(Dataset entries)
^^^^^^^^^^^^^^^^

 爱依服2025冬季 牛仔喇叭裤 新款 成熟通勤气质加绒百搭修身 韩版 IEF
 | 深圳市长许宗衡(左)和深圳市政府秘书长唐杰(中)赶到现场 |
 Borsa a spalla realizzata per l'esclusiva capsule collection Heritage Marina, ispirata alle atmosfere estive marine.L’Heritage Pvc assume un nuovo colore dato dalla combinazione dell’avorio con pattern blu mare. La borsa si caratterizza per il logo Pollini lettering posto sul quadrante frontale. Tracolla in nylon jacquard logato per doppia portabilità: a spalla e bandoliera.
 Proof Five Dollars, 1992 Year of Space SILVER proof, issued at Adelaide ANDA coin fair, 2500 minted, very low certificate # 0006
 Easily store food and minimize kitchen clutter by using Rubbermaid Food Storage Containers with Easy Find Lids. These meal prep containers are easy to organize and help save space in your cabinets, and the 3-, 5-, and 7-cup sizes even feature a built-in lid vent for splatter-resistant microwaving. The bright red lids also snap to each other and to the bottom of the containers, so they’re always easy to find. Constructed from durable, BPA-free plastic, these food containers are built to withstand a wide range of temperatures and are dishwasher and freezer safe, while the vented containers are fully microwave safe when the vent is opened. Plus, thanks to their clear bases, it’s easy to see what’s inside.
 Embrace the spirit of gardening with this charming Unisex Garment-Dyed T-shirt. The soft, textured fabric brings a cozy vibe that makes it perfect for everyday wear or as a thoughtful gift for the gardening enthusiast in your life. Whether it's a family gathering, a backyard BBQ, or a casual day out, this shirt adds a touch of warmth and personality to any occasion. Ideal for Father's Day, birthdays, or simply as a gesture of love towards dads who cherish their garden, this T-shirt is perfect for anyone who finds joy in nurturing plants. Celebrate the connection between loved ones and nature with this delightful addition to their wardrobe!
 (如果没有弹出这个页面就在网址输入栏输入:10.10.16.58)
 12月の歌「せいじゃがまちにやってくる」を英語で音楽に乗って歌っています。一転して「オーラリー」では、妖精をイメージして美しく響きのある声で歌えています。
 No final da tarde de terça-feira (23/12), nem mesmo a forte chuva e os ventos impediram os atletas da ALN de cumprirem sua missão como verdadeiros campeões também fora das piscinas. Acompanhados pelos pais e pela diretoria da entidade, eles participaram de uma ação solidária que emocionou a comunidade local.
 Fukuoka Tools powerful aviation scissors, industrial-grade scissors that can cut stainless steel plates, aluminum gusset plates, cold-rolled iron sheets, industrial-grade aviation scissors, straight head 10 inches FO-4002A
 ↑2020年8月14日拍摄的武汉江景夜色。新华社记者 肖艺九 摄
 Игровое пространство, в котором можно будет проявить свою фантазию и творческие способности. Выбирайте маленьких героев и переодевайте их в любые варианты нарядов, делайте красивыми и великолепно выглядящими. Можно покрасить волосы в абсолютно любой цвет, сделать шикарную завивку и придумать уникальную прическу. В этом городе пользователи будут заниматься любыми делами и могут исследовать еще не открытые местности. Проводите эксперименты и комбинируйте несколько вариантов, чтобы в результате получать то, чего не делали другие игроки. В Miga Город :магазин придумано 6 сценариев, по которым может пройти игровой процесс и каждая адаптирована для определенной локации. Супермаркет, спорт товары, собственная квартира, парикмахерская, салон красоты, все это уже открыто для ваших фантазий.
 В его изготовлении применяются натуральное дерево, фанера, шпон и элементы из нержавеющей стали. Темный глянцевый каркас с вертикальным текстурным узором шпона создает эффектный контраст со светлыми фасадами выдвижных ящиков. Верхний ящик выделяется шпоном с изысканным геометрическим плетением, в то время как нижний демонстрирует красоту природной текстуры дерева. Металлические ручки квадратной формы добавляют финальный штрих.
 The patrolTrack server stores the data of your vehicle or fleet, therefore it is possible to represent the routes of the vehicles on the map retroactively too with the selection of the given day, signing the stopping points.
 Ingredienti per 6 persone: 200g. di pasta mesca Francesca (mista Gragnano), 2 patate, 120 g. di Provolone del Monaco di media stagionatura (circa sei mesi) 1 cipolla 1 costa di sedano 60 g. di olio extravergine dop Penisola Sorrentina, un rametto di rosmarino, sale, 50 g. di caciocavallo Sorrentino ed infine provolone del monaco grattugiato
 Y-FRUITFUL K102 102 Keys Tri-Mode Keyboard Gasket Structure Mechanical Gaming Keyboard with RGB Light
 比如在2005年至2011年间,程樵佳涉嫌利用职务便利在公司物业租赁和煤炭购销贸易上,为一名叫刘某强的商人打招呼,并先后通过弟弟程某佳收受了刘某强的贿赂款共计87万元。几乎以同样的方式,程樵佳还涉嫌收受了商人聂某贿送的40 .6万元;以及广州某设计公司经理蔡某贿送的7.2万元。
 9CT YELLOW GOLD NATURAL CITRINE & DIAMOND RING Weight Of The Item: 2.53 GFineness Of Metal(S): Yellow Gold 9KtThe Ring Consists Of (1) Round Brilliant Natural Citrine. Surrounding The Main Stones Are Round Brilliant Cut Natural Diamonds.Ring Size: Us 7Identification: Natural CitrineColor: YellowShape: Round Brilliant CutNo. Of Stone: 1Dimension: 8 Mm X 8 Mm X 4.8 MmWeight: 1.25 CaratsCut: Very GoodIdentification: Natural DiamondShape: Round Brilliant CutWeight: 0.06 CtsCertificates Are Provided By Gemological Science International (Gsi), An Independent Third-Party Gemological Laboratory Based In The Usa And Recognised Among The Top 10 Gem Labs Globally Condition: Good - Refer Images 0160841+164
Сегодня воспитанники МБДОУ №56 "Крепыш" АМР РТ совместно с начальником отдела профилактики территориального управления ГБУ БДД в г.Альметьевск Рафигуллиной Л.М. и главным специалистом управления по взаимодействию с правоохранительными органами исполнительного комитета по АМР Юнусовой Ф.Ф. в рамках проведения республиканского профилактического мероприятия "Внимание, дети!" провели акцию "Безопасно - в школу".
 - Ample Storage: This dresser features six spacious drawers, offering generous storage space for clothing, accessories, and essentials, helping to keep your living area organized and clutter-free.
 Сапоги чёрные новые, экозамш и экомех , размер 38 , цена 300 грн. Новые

^^^^^^^^^^^^^^^^

■ **Problem details**
How many of the lines above include the string "clutter"? Reply with the number by itself.

■ **Solution**
2